→ **DATA SECTION**
------------------------------
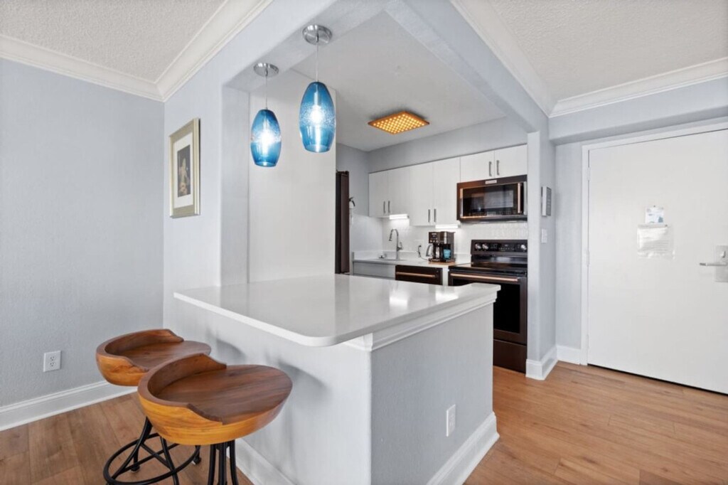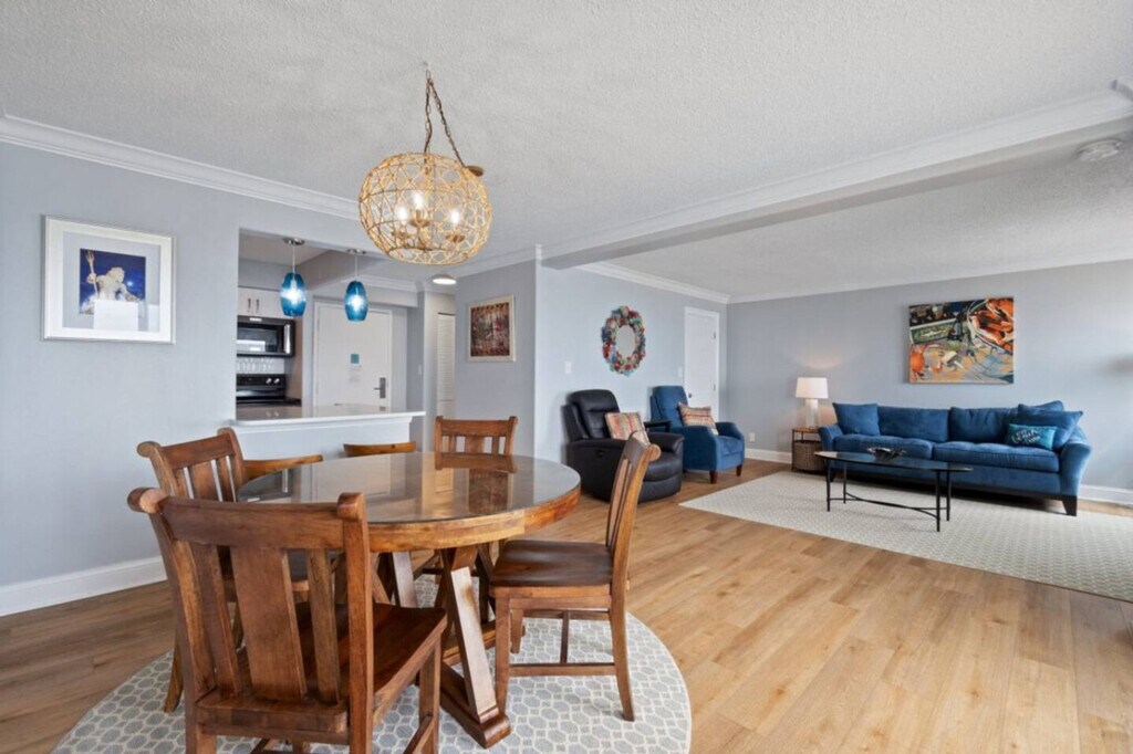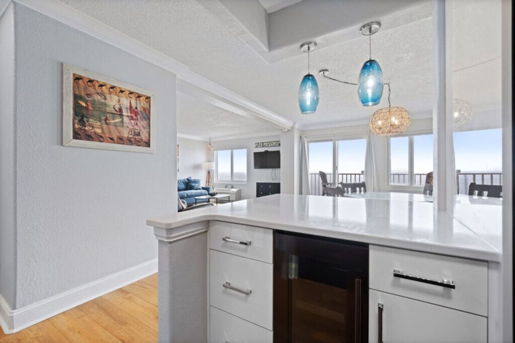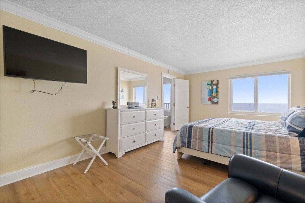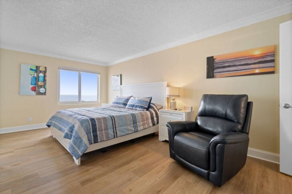 Experience the best of Virginia Beach in this stunning 1-bedroom oceanfront condo on the 11th floor, completely renovated in spring 2023. Wake up each morning to incredible ocean views from every room, where the Atlantic Ocean stretches endlessly before you from this high-floor location. Feel at home in this beautifully updated private residence. This apartment features brand new flooring throughout and new AC systems for your comfort. The space is tastefully decorated with artwork from local and regional artists, giving it a true coastal feel. The updated kitchen shines with custom white cabinets, elegant quartz countertops, and stainless steel appliances. From the kitchen, you can see straight through to the spacious dining room and living area, all with amazing Virginia Beach oceanfront views as your backdrop. One dedicated parking spot is included. Positioned on the 11th floor of the desirable Dolphin Run complex, you'll enjoy some of the most amazing oceanfront views available while being perfectly located to experience everything Virginia Beach has to offer. Many events are held on the public beach in front of Dolphin Run. The minimum age to book is 25 years old, and the primary booking guest must be 25 years old and staying on the property. Guests not on the reservation will not be allowed in the secured building. Parties or disruptive behaviors will be addressed by security. [SI]
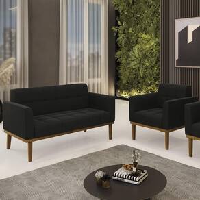 O Sofá Namoradeira e 1 Poltrona Base Madeira Castanho Ana Suede Preto, da Ibiza é o conjunto ideal para quem busca beleza, conforto e versatilidade. Você pode usar na sua Sala De Estar, recepção ou qualquer outro ambiente que desejar.
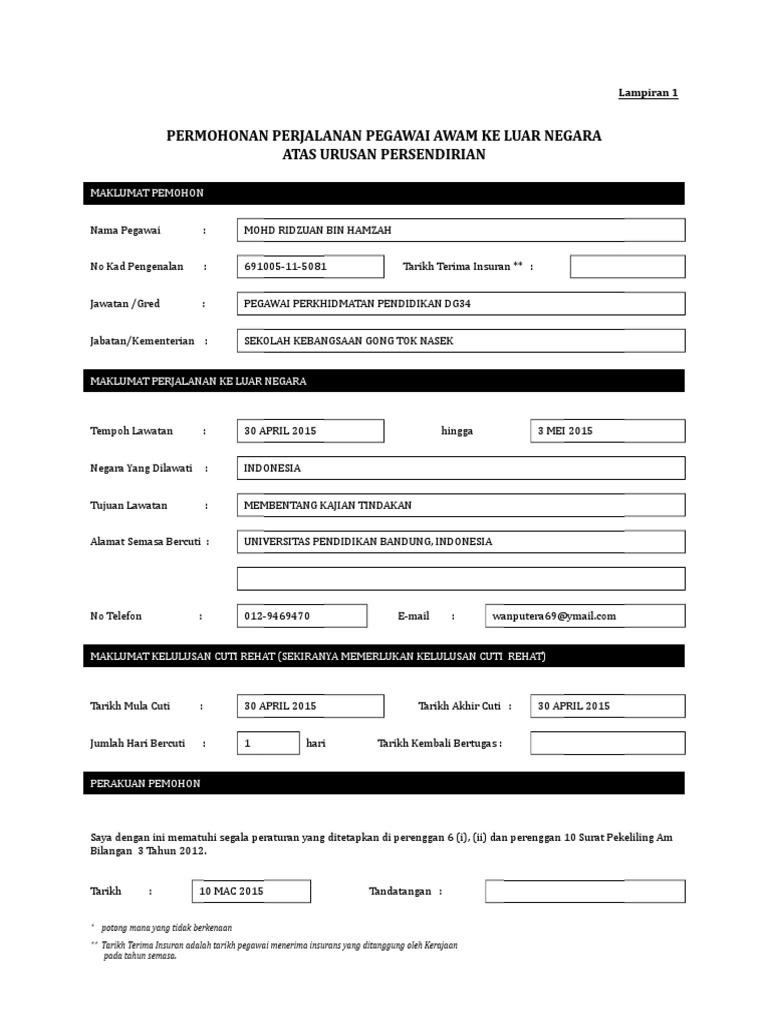 Related : Borang Permohonan Keluar Negara - Permohonan perjalanan keluar negara dan insuran 1..
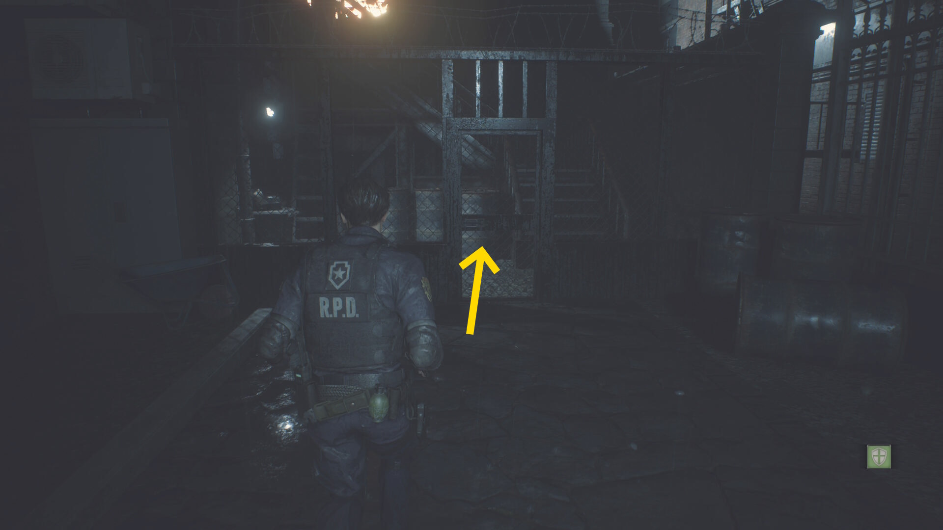 - 無事にゾンビエリアを抜けたら、庭園の鍵でフェンス状ドアを解錠
------------------------------
→ **YOUR TASK**
Reproduce exactly the lines from the one with "Related : Borang" to the bottom of the listing, both ends included, and nothing else. Skip the pictures.

→ **SOLUTION TO THIS TASK**
 Related : Borang Permohonan Keluar Negara - Permohonan perjalanan keluar negara dan insuran 1..
 - 無事にゾンビエリアを抜けたら、庭園の鍵でフェンス状ドアを解錠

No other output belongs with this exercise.